I'm impressed that your vet recommended Acana! Most vets push the junk they sell in their offices, such as RC or SD. I'd be wary of feeding such a high fat diet to a dog who isn't a hard working athlete, b/c of the possibility of pancreatitis. You might try one of their other kibbles that you can get in your area. Most of them are 17% fat, which seems high enough to me for most pets. I looked up several other good kibbles (IMO), and they're all around that fat %. I would recommend a kibble with no corn, wheat, or soy. I prefer grain free, which Acana also has. If you want a grain inclusive (and your dog can eat a chicken based kibble), Acana's Chicken and Burbank Potato (which includes steel cut oats as its only grain) is a good choice. It's also one of Acana's most affordable choices. My boxer is currently on it, but it's giving him eye boogers (boxers have notoriously sensitive systems and do best on grain free), so I'll be going back to grain free after this bag. There's nothing wrong with the food - it's just not working so great for my boxer.

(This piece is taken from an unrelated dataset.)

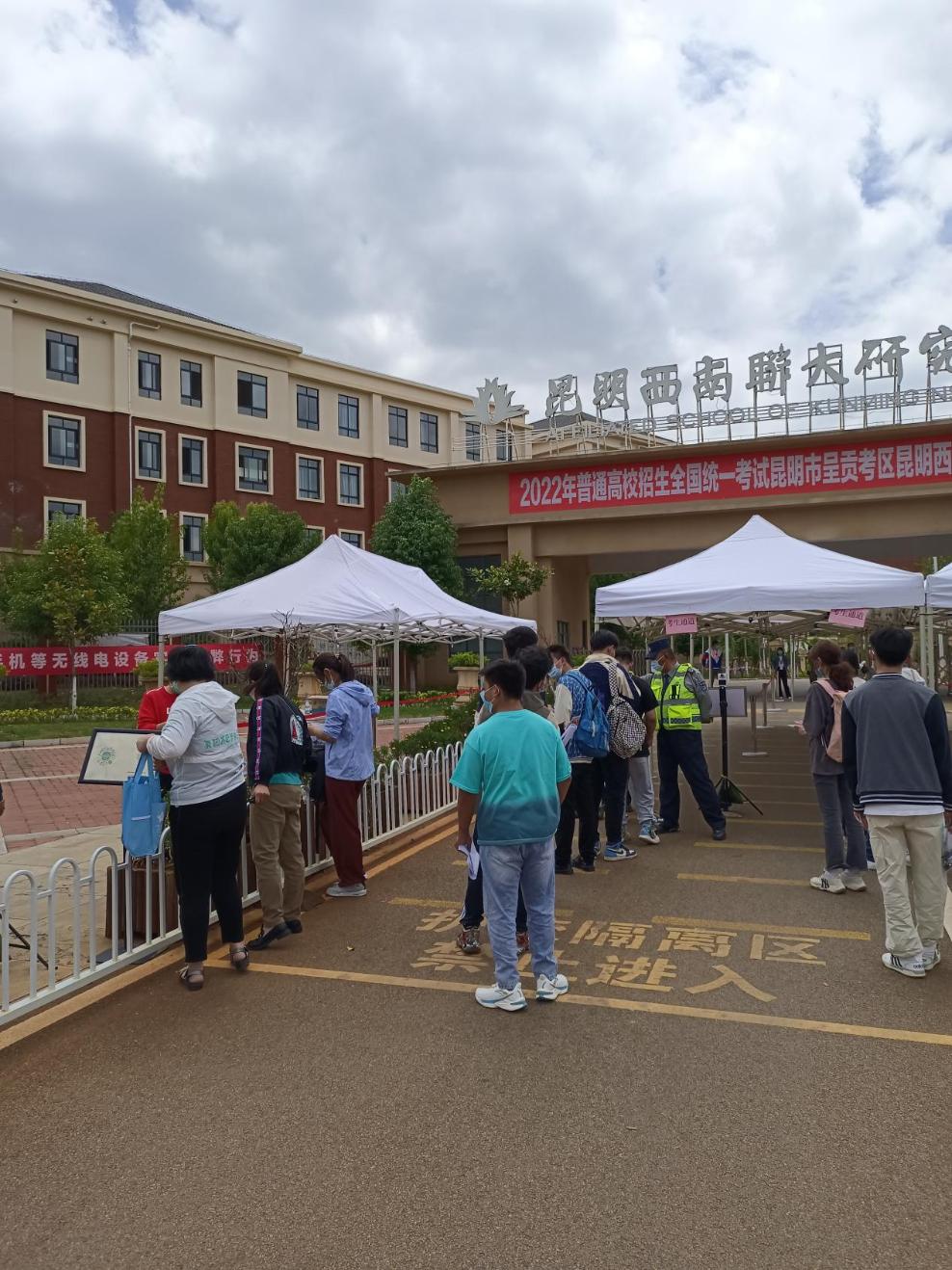 高考前夕,为了保证高考顺利进行,招生与对外发展处详细地制定了送考工作方案,以确保学生顺利进入考场。此次高考我院共有21名学生参加考试,考点集中在西南联大研究院附属学校。6月7日早上开考前,学院副院长李冠宏一行到考点为高考学生加油打气。高考期间,徐艳蓉、肖然负责所有考生的全面管理工作,组织考生以考场为单位考前、考后的往返集中,时时关注考生动态,对所有考生进行健康状况的监测,做好考生的思想工作,注重考生心理健康,督导考生按时学习、赴考、就餐、休息等,做好相关方面的沟通、协调并及时处理考试期间出现的突发事件,确保考生安全高考。

If you don't think it would make your dog sick, you could try Satin Balls (http://www.dogforum.net/dog-frequently-asked-questions/5191-how-make-satin-balls-fat-balls.html). They've been used by many to put weight on a dog.


----------



## RileysDad (Jan 6, 2013)

hello thanks for all the responses greatly appreciated....feeding more is not really an option because he does not eat more he will just leave it in the bowl....i'm feeding canidae pure elements now and previously fed eve red meat formula....the vet liked this acana sport and agaility because of the 24% fat content...I dont know if there is another food out there with this high fat content...thans everybody I think I will go with an acana or orijen product but do not know which one...oh and yes he does agaility work and is very active so this diet is warranted in my opinion...have any of you heard of this dog food Dr Tims Momentum Highly Athletic Dog FOod


----------



## Xeph (May 7, 2007)

http://www.nativedogfood.com/energy-level-4/


----------



## Miss Bugs (Jul 4, 2011)

you may have to call around to find it, Acana is easy to find in my area(virtually every store, and even some of the vets offices carry it), but the sport and agilty formula is only avalable in 2 stores in the city..I recall having this trouble when a friend of mine was dogsitting her naighbores lab and thats what he ate, he ran out of food, and she had a devil of a time trying to find it!


----------



## Jacksons Mom (Mar 12, 2010)

I'm pretty sure Sport & Agility is not available anywhere in the US due to the inclusion of milk thistle. It's allowed as a supplement, but not IN the food, or something of the sorts. They changed the Lamb & Apple, Duck & Pear, and Chicken & Burbank Potato formulas so they could be sold in the US.


----------



## RileysDad (Jan 6, 2013)

Are there any pet foods that are made in the US that contain milk thistle? What is the big deal with this ingredient?


----------



## InkedMarie (Mar 11, 2009)

I can recommend Dr Tim's Pursuit.


----------



## marsha=whitie (Dec 29, 2008)

Your best bet is to find another food that is comparable to what your vet suggested. Xeph suggested a great food that is comparable to the Acana.


----------



## nemefeme (Jan 10, 2013)

I put my larger dog on Acana after I noticed he was playing with his food instead of eating it (I think it was purina or pro-something) and he really liked it. His coat also looked noticeably better but no weight change. Could be different in your case though; the food is good.


----------